• PROBLEM DETAILS: Reproduce, from the lines below, exactly the stretch that begins at the line containing "Get ready to" and ends at the line containing "ソファの上で、縞模様の茶色の", both included.

• DATASET:
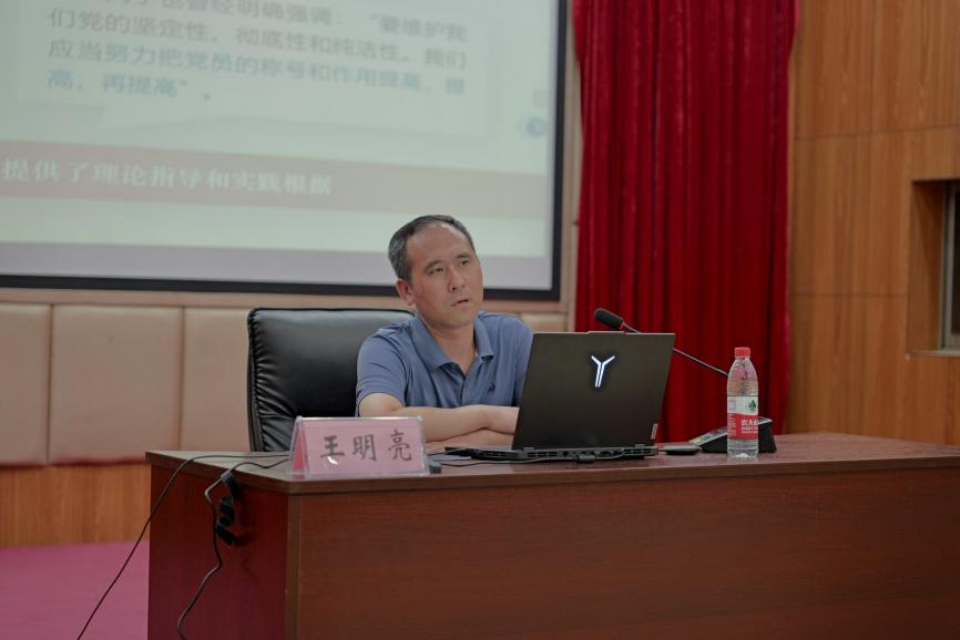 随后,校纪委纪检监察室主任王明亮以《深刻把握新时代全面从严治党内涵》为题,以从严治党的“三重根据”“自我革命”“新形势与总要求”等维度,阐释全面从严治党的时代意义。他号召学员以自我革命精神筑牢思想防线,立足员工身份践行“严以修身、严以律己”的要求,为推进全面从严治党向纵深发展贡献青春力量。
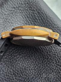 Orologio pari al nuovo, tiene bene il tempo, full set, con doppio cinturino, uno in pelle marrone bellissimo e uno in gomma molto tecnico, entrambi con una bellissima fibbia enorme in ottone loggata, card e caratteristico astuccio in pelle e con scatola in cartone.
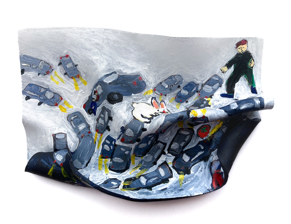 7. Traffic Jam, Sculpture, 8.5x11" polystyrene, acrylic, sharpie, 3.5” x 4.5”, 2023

...

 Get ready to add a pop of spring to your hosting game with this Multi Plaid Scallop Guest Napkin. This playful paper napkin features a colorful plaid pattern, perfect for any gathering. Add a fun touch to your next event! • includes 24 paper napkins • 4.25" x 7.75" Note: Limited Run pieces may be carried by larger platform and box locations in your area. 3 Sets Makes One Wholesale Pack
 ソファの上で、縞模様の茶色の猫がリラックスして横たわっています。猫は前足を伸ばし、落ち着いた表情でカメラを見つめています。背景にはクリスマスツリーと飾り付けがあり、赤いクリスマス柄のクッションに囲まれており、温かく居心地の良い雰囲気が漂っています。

• ANSWER:
 Get ready to add a pop of spring to your hosting game with this Multi Plaid Scallop Guest Napkin. This playful paper napkin features a colorful plaid pattern, perfect for any gathering. Add a fun touch to your next event! • includes 24 paper napkins • 4.25" x 7.75" Note: Limited Run pieces may be carried by larger platform and box locations in your area. 3 Sets Makes One Wholesale Pack
 ソファの上で、縞模様の茶色の猫がリラックスして横たわっています。猫は前足を伸ばし、落ち着いた表情でカメラを見つめています。背景にはクリスマスツリーと飾り付けがあり、赤いクリスマス柄のクッションに囲まれており、温かく居心地の良い雰囲気が漂っています。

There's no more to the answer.